• _What to produce_: Pictures stay out. Extract the lines below from the first one through the line with "Маркери для малювання", both included.

Excerpts from a dataset
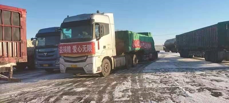 3月1日清晨,錫林郭勒盟至呼和浩特的后山地區(qū)飄著小雪,氣溫在零下10度以下,但是,風(fēng)雪擋不住來(lái)自錫林郭勒大草原的一片片愛(ài)。一輛17米帶掛卡車長(zhǎng)驅(qū)千里十多小時(shí),帶著錫林郭勒大草原的問(wèn)候,連夜運(yùn)輸?shù)胶艉秃铺兀粸樵琰c(diǎn)送達(dá)100萬(wàn)只一次性醫(yī)用外科口罩。這輛卡車上掛著內(nèi)容為“祝青城人民早日戰(zhàn)勝疫情,錫盟公益助力呼和浩特市”和“洶洶疫情不可怕,齊心協(xié)力戰(zhàn)勝它”的條幅,表達(dá)“中國(guó)馬都”向“中國(guó)乳都”的真切問(wèn)候。
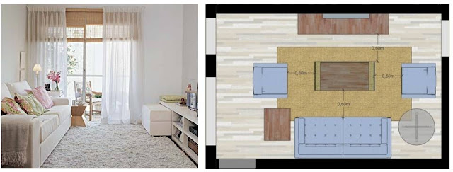 Temos 2 exemplos, sala de estar e tv decorada. E planta baixa de layout dos móveis com itens que iremos falar.
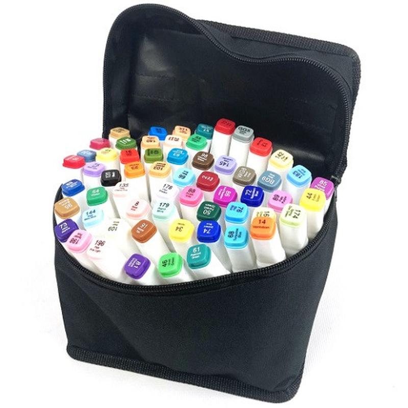 Маркери для малювання та скетчів у тканинному футлярі. Двосторонні, на спиртовій основі. У наборі 60 шт. Основна палітра, оптимально підібрана для малювання всіх стилів. Скетч — маркери є одними з найпопулярніших спиртових, двосторонніх маркерів. У наборі з 60 маркерів дизайнер знайде натхнення для реалізації свого творчого потенціалу. Маркер має другий пера (перо "долото" та перо маркер). Колір маркера закарбовано на ковпачку, там же і номер маркера. Це неабияк спрощує роботу під час вибору необхідного кольору. Корпус пластиковий, гладкий. Ковпачки щільно закриваються. Кожен маркер має два наконечники різної форми для різного типу робіт. Загострений наконечник для тонких ліній та окреслень. Плоский наконечник зі скошеним краєм для широких штрихів. Довжина маркера 17 см.
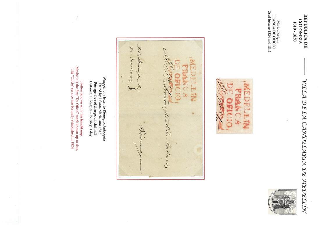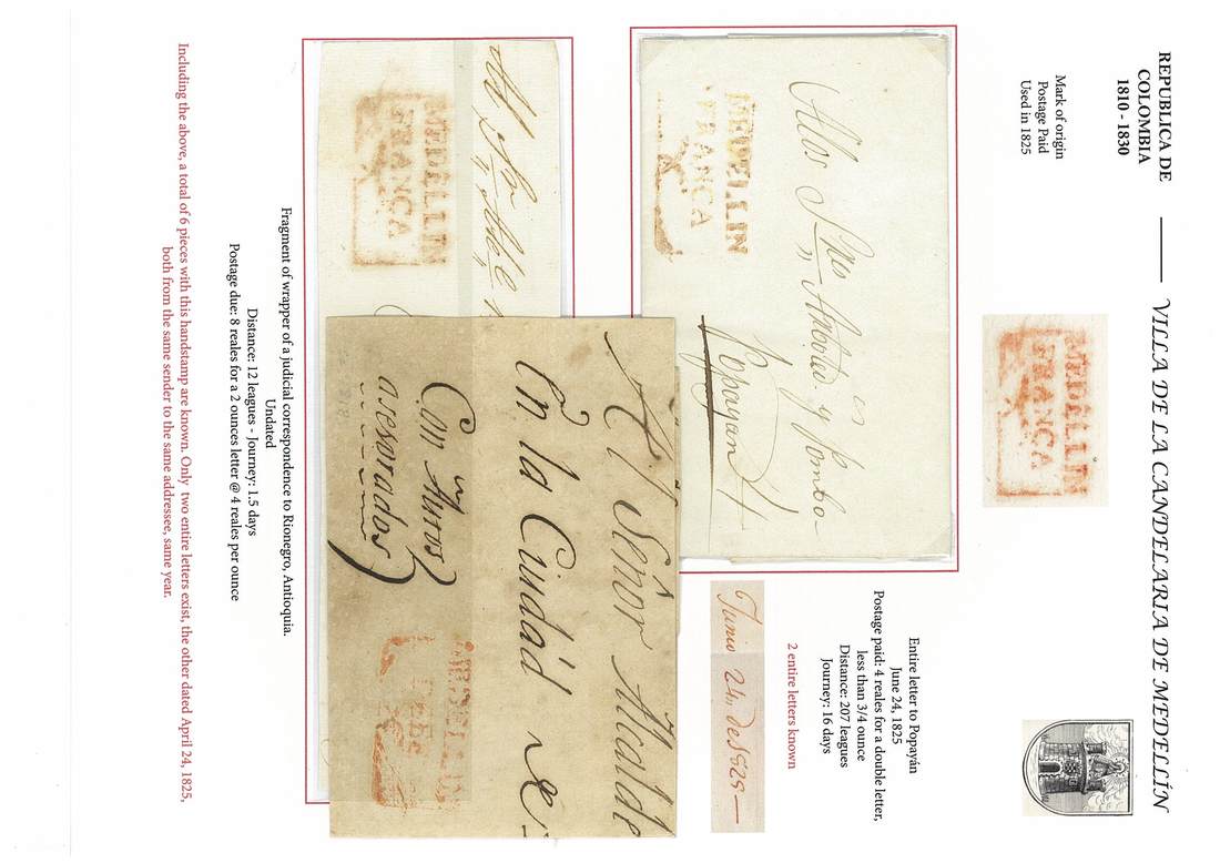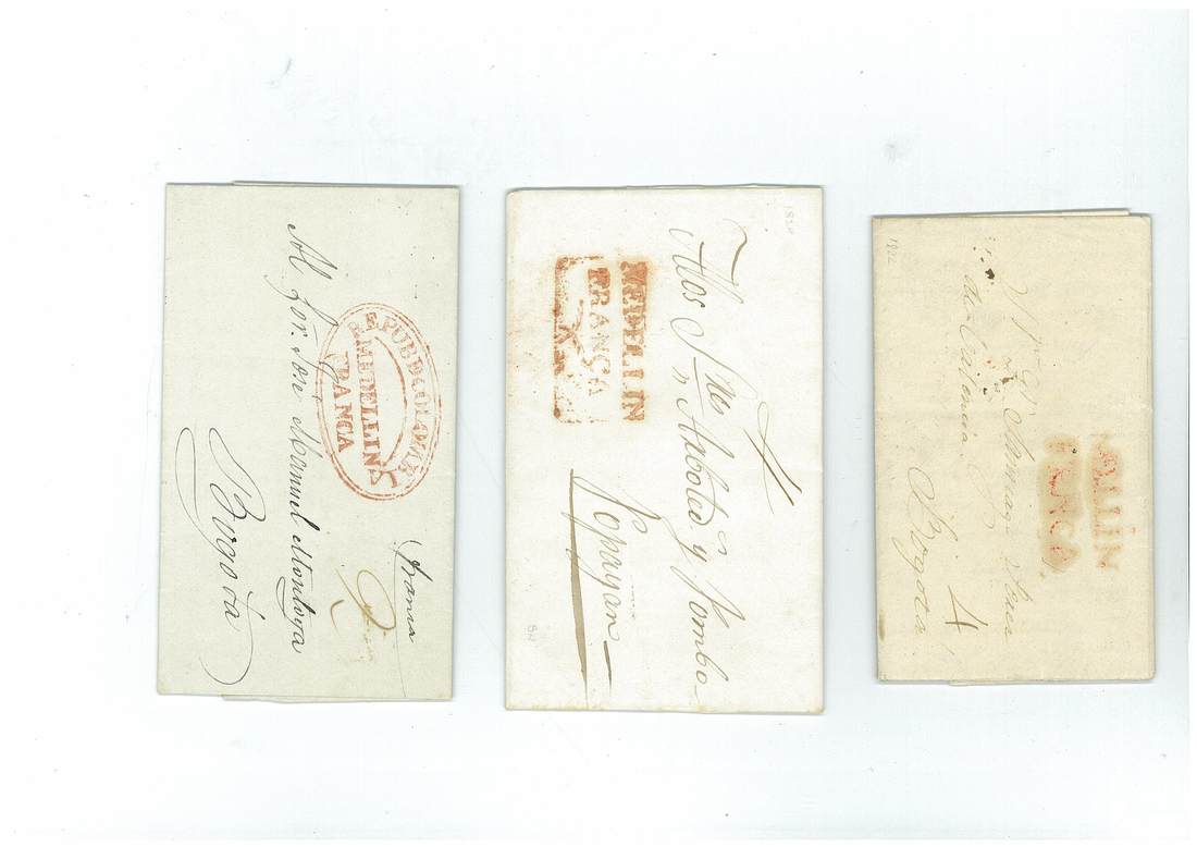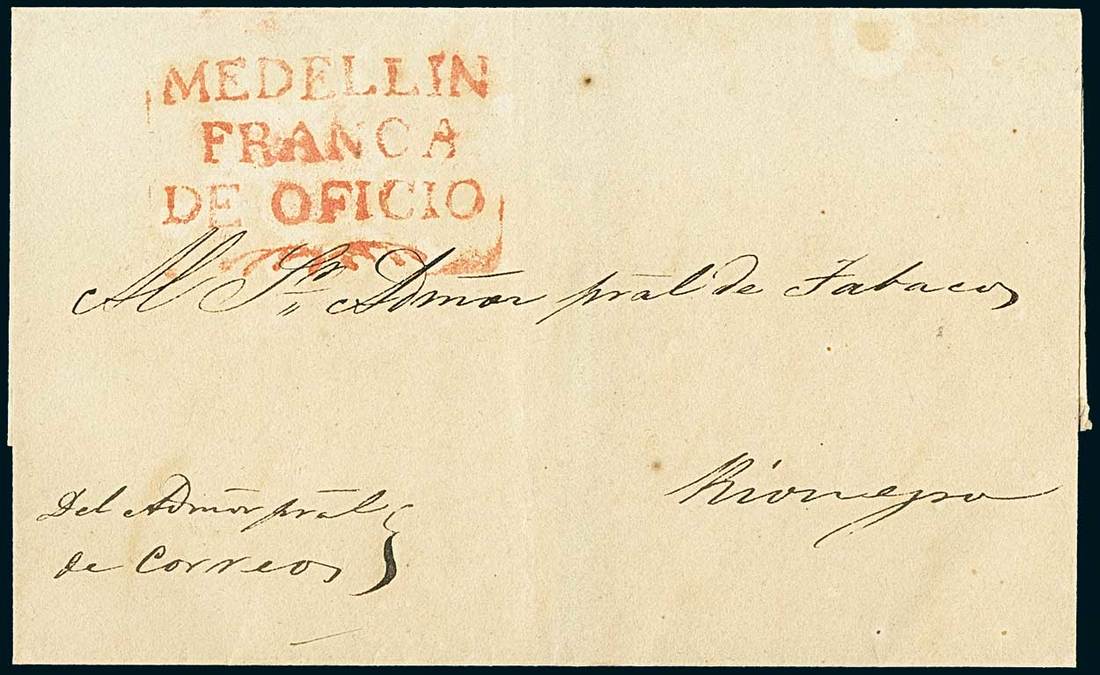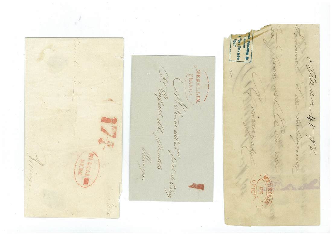 ColombiaStampless MailIndependent Republic Period1822-58. A comprehensive assembly comprising 18 covers and one document with listing of mail sent, bearing 11 different postmarks including framed "Medellin/Franca/De Oficio", abbreviated "Medllin/Franca" from the colonial period (this being exceedingly rare without frame), framed "Correos/Franca", "Medellin/franca" & "Medellin/Debe", large and small ovals. Fine to very fine. Photo
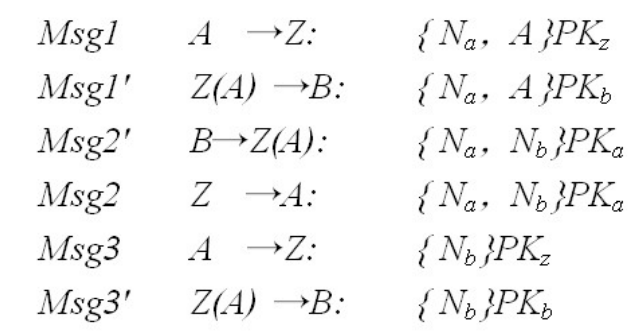 并行会话攻击:攻击者Z首先使A发起一个会话,然后在另一个会话中,攻击者成功地冒充了A。
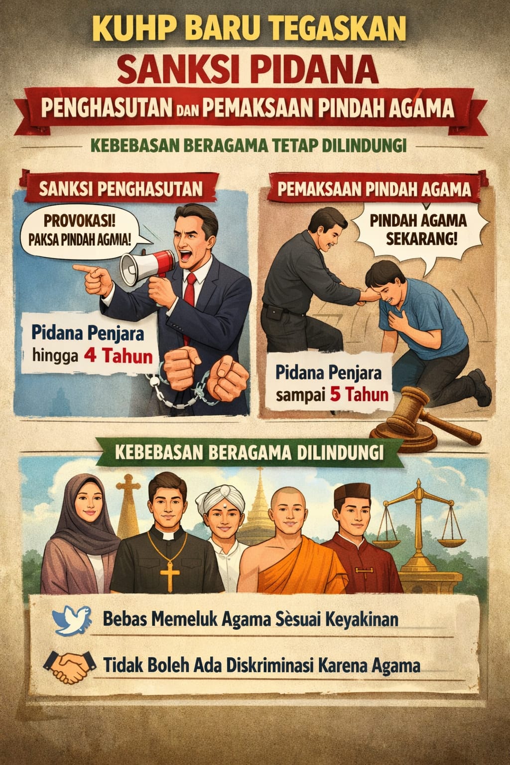 Minahasa utara, Lintaslestari.news — Kitab Undang-Undang Hukum Pidana (KUHP) baru secara tegas mengatur sanksi pidana terhadap perbuatan penghasutan dan pemaksaan seseorang untuk meninggalkan atau berpindah agama.
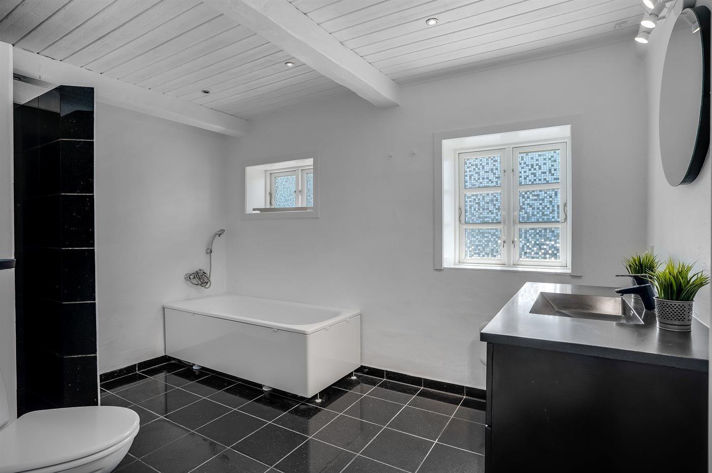 Er is 1 badkamer met douchehok en 2 toiletten, waarvan 1 gastentoilet. Er is vloerverwarming in 1 badkamer.. Badkuip.
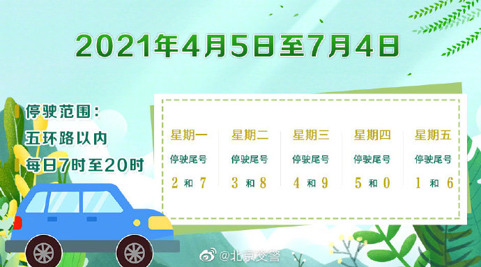 今天是4月23日,星期五,7时至20时五环内(不含五环主路)机动车限行尾号为【6】和【1】。请您注意尾号限行日期变化,及时调整自驾车出行计划。
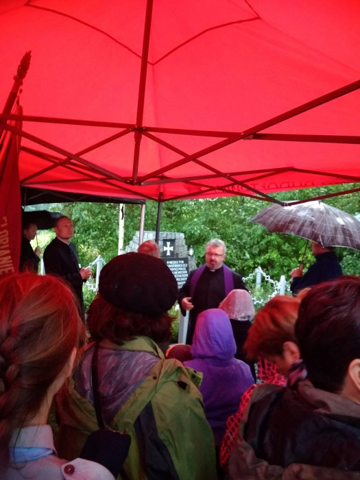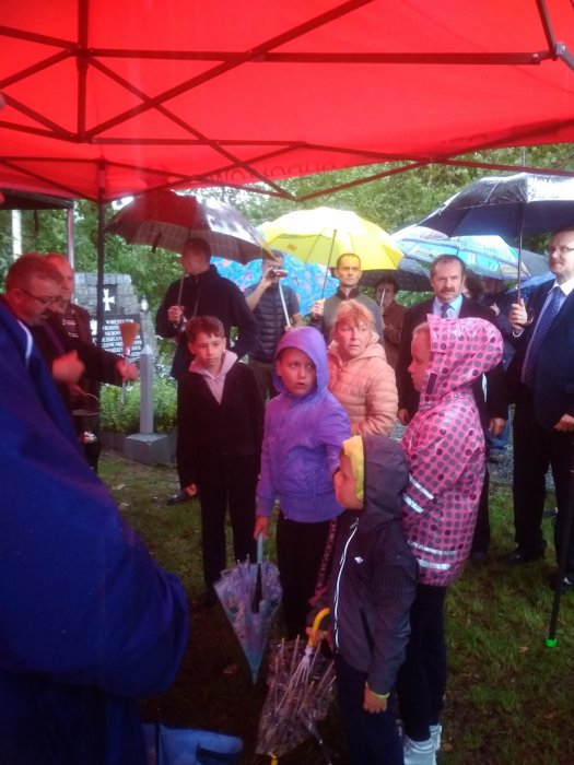 W strugach zacinającego deszczu i zimnego wiatru proboszcz ćwiklickiej parafii ks. Sylwester Suchoń wraz z pozostałymi kapłanami (w tym członkiem naszego stowarzyszenia, Księdzem Proboszczem Arturem Wyrobkiem) poświęcili brzozowy krzyż, który upamiętnia bohaterską walkę żołnierzy 16 pułku piechoty, którzy na tym polu zginęli. Jak stwierdził Ks. Proboszcz Suchoń, to jakby płacz przyrody po żołnierzach, którzy równo 80 lat temu oddali tu swoje życie. Oni nie wybierali ani dnia ani miejsca swej śmierci. Msza św. – początkowo jako polowa – z uwagi na warunki atmosferyczne – została przeniesiona do kościoła pod wezwaniem św. Marcina w Ćwiklicach. Tam odbyła się prelekcja Pana prof. Mariana Małeckiego na temat samej bitwy i jej rozmiarów, rozdanie publikacji autorstwa Panów Stanisława Janosza i Mariana Małeckigo „Bitwa pod Pszczyną w 15 odsłonach”, która została wydana w 80-rocznicę bitwy staraniem Pana Burmistrza Pszczyny – Dariusza Skrobola, obecnego na uroczystości. Wśród zaproszonych gości byli też nauczyciele z miejscowych szkół, mieszkańcy z okolicznych miejscowości a nawet z dalszych strona jak z Wodzisławia czy z Radlina. Dzięki staraniom sołtysa na koniec uroczystości Koło Gospodyń Wiejskich uraczyło zebranych śląskim kołoczem i kawą. Nadleśnictwo ufundowało tablice, które stoją pod ćwiklickim pomnikiem a których autorami są Panowie Stanisław Janosz i prof. Marian Małecki. Pan Tomasz Waloszek przygotował oprawę pod uroczystości i był głównym autorem samej koncepcji krzyża. Został naprawiony stan nawierzchni drogi prowadzącej do pomnika. Pozostaje oznakowanie dojazdu do pomnika bitwy pod Ćwiklicami, które miejmy nadzieję, zostanie w bliższej perspektywie czasowej zrealizowane. Wszystkim uczestnikom, którzy wczoraj uświetnili tę uroczystość składamy serdeczne podziękowania i wyrazy szacunku. Najwięcej podziękowań składamy żołnierzom polskim. Co godne podkreślenia – Małopolanie przelali krew na Śląsku pod Pszczyną, Ślązacy w Małopolsce pod Proszowicami. Gloria Victis !!!

• _Reply to the exercise_:
 3月1日清晨,錫林郭勒盟至呼和浩特的后山地區(qū)飄著小雪,氣溫在零下10度以下,但是,風(fēng)雪擋不住來(lái)自錫林郭勒大草原的一片片愛(ài)。一輛17米帶掛卡車長(zhǎng)驅(qū)千里十多小時(shí),帶著錫林郭勒大草原的問(wèn)候,連夜運(yùn)輸?shù)胶艉秃铺兀粸樵琰c(diǎn)送達(dá)100萬(wàn)只一次性醫(yī)用外科口罩。這輛卡車上掛著內(nèi)容為“祝青城人民早日戰(zhàn)勝疫情,錫盟公益助力呼和浩特市”和“洶洶疫情不可怕,齊心協(xié)力戰(zhàn)勝它”的條幅,表達(dá)“中國(guó)馬都”向“中國(guó)乳都”的真切問(wèn)候。
 Temos 2 exemplos, sala de estar e tv decorada. E planta baixa de layout dos móveis com itens que iremos falar.
 Маркери для малювання та скетчів у тканинному футлярі. Двосторонні, на спиртовій основі. У наборі 60 шт. Основна палітра, оптимально підібрана для малювання всіх стилів. Скетч — маркери є одними з найпопулярніших спиртових, двосторонніх маркерів. У наборі з 60 маркерів дизайнер знайде натхнення для реалізації свого творчого потенціалу. Маркер має другий пера (перо "долото" та перо маркер). Колір маркера закарбовано на ковпачку, там же і номер маркера. Це неабияк спрощує роботу під час вибору необхідного кольору. Корпус пластиковий, гладкий. Ковпачки щільно закриваються. Кожен маркер має два наконечники різної форми для різного типу робіт. Загострений наконечник для тонких ліній та окреслень. Плоский наконечник зі скошеним краєм для широких штрихів. Довжина маркера 17 см.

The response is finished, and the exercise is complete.